Webster grew increasingly authoritarian and elitist, fighting against the prevailing grain of Jacksonian Democracy. Webster viewed language as a tool to control unruly thoughts. 


His American Dictionary emphasized the virtues of social control over human passions and individualism, submission to authority, and fear of God; they were necessary for the maintenance of the American social order. 


As he grew older, Webster's attitudes changed from those of an optimistic revolutionary in the 1780s to those of a pessimistic critic of man and society by the 1820s.

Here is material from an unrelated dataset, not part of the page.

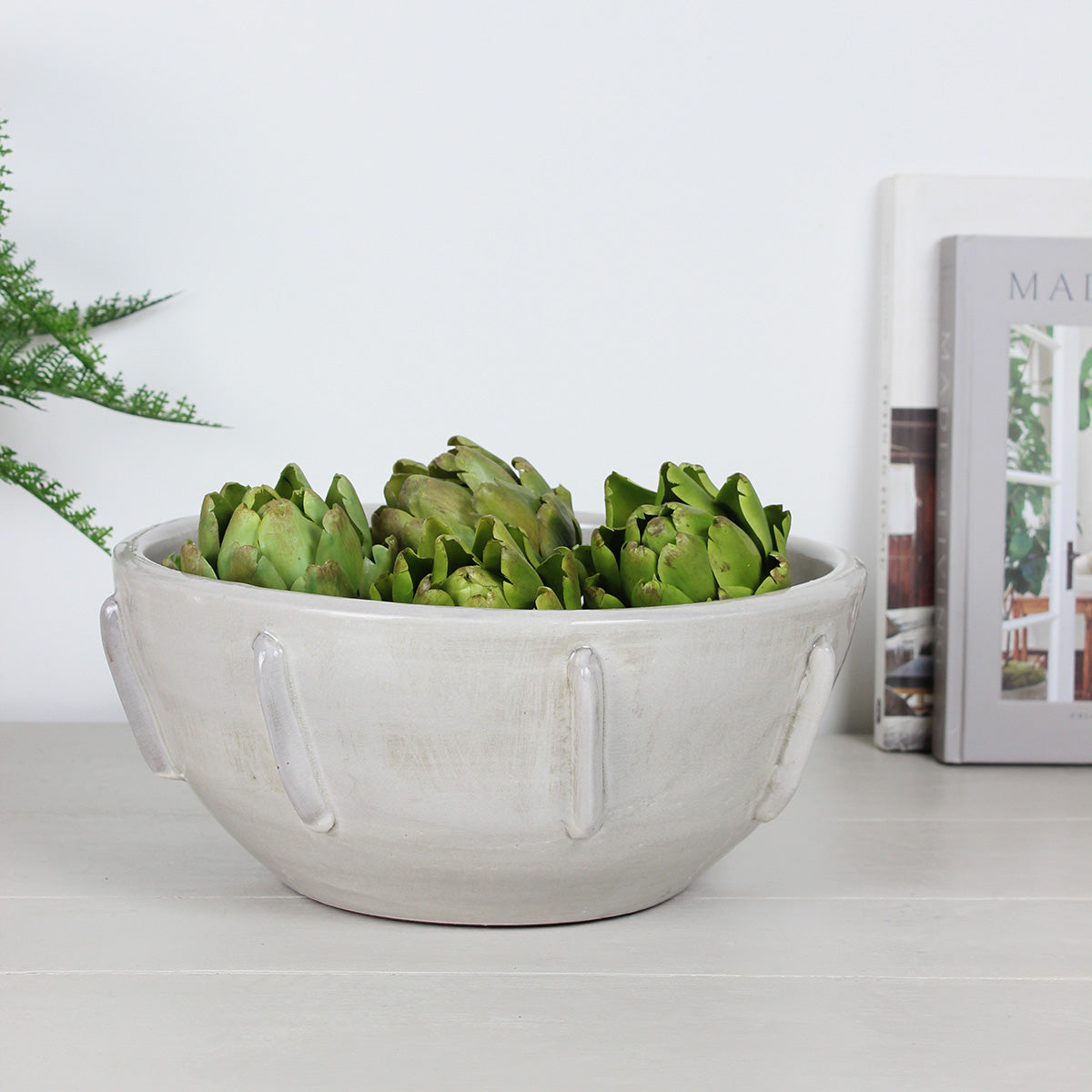 Add the finishing touches to your home with this distressed ceramic bowl. Featuring a wonderful nude tone this bowl will suit almost any interior design. Check out our artificial fruit or decorative balls for the perfect display.

His 1828 American Dictionary contained the greatest number of Biblical definitions given in any reference volume. Webster considered education "useless without the Bible". 


Webster released his own edition of the Bible in 1833, called the Common Version. He used the King James Version(KJV) as a base and consulted the Hebrew and Greek along with various other versions and commentaries. 


Webster molded the KJV to correct grammar, replaced words that were no longer used, and did away with words and phrases that could be seen as offensive.


In 1834, he published an apologetic book in defense of The Bible and Christianity itself.

Letusreason
Letusreason

I don't find that argumentative at all and I think you are spot on. I reject predestination and I think that view is restricted to mostly Calvinist in large part. Regretably, I believe the Puritans had Calvinistic tendencies which have shaped Americas view of Christianity.

I also don't believe that free will limits God for I equate it to a parent who sees a small child put their hands on a glass of milk and knows they will spill it before they do. The parent didn't make that happen, but a parent who is wiser than a child sees things the child doesn't. Not sure if that analogy makes sense.

I believe we all struggle with our own issues and therefore can relate to another on that level. Augustine's "with due love for the person and hatred for the sin" is my view but that's becoming a cliche.

We need to be honest enough to say that what is wrong is wrong because we are all doing something that is wrong.

Letusreason
Letusreason

So let's address natural law first from the current "non-bigoted" Webster's dictionary.

"In jurisprudence and philosophy, a system of rights or justice common to all human kind and derived from nature rather than the rules of society, or positive law".

The founders took John Locke's version of "life, liberty and property" sound familiar?

Locke wrote a book titled "The Reasonableness of Christianity; As Delivered in the Scriptures"

Is this enough proof for you, or is John Locke also a bigot to be discredited?